Cassis Ignazio · Nationalrat · 2012-09-20
Cassis Ignazio · Nationalrat · Tessin · FDP-Liberale Fraktion · 2012-09-20
Wortprotokoll
Cette initiative du canton du Jura invite les Chambres fédérales et le Conseil fédéral à adopter les bases légales permettant d'introduire une base de données - des statistiques fédérales - obligatoire pour tous les assureurs et les fournisseurs de soins, agréée par les cantons, gérée par l'OFSP et accessible au public. Cette base de données permettra de piloter l'évolution des coûts avec des données fiables, de vérifier si les tarifs respectent les critères d'économie prévus dans la législation, ainsi que d'établir un contrôle a posteriori des primes de caisses-maladie.

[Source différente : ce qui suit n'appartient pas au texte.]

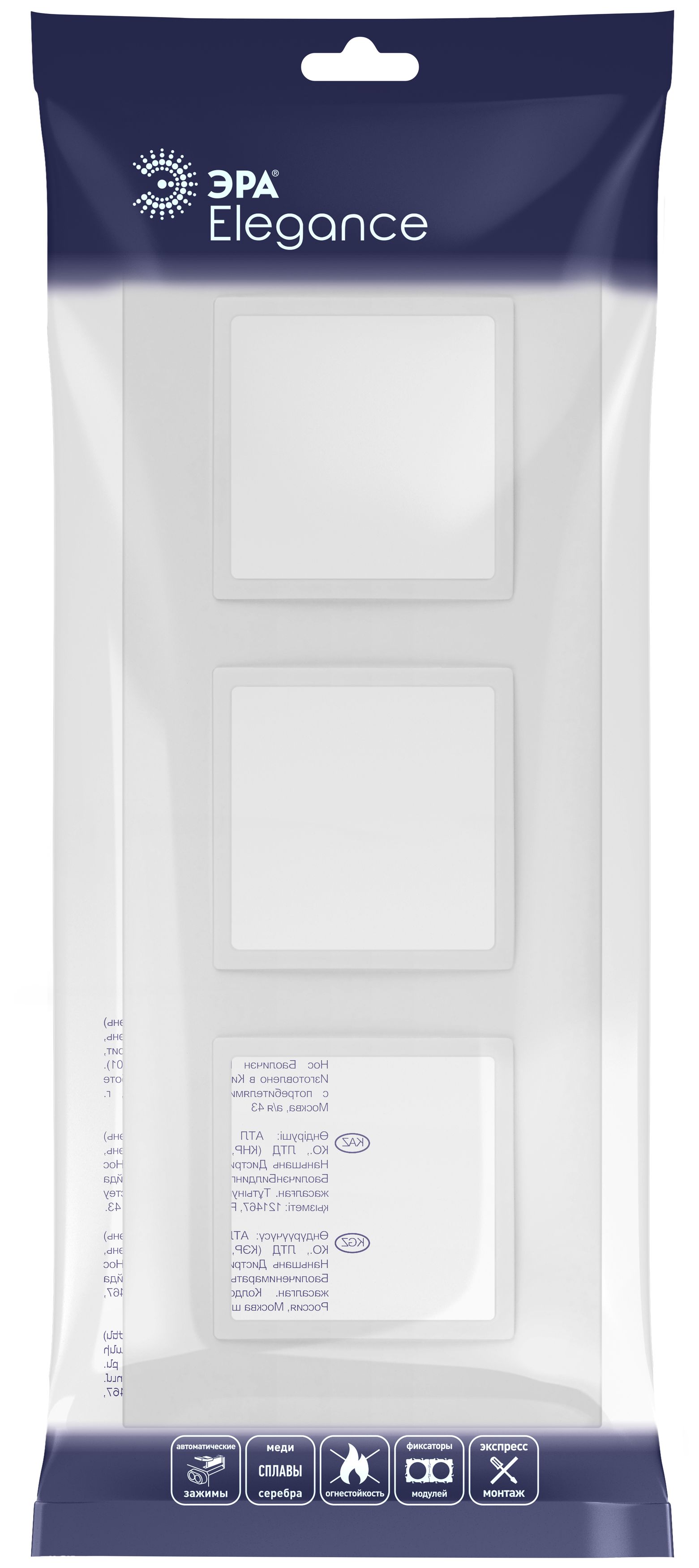 Рамка для выключателей и розеток 3-постовая серии Эра Elegance Classic цвет белый матовый 14-5013-01М. Сделана из поликарбоната. Используется только с механизмами серии Эра Elegance. Классический "квадратный" дизайн.
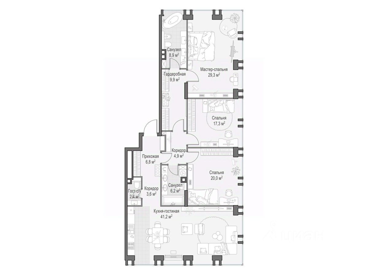 Просторная квартира площадью 151,3 кв. м. Из кухни-гостиной (41,2 кв. м) открывается панорамный вид на красивый двор-парк с ландшафтным дизайном и вечерней подсветкой. Продуманная планировка позволяет разместить три приватные спальни, в одной из которых, примыкающей к мастер-спальне, предусмотрен санузел с окном, что делает ваше личное пространство по-настоящему комфортным. Окна выходят на три стороны.

Entendue par la Commission de la sécurité sociale et de la santé publique du Conseil des Etats le 16 février 2012, la délégation jurassienne a indiqué que l'absence de données fiables ne permettait guère de vérifier si les primes de l'assurance obligatoire des soins suivaient réellement l'évolution des coûts. Le 27 février 2012, le Conseil des Etats a décidé, par 23 voix contre 9, de ne pas donner suite à l'initiative.
Votre commission considère que les dispositions en vigueur sur la collecte de données sont suffisantes pour garantir la transparence. L'article 21 alinéa 4 de la LAMal impose déjà aux assureurs de communiquer des données, l'article 22a en fait de même avec les fournisseurs de prestations, et l'article 23 assoit les bases légales de l'établissement de statistiques générales.
Une minorité propose par contre de donner suite à l'initiative cantonale. Cette minorité relève que les données sont collectées par différentes instances selon différentes règles, et que les acteurs concernés en refusent parfois la transmission en invoquant la protection des données ou le secret médical. Une base légale qui permettrait de créer une banque de données commune et de réglementer clairement la protection des données serait un outil nécessaire.
Votre commission est d'avis que le problème se situe au niveau de la mise en oeuvre des dispositions existantes et non pas au niveau du manque de bases légales. La mise en oeuvre incombe à l'administration fédérale, sur laquelle nous sommes appelés à veiller. L'administration fédérale a d'ailleurs déjà lancé, avec les cantons, un projet spécifique dans le cadre du dialogue sur la politique nationale de la santé.
Voilà les raisons pour lesquelles votre commission vous propose, par 12 voix contre 8 et 1 abstention, de ne pas donner suite à l'initiative du canton du Jura.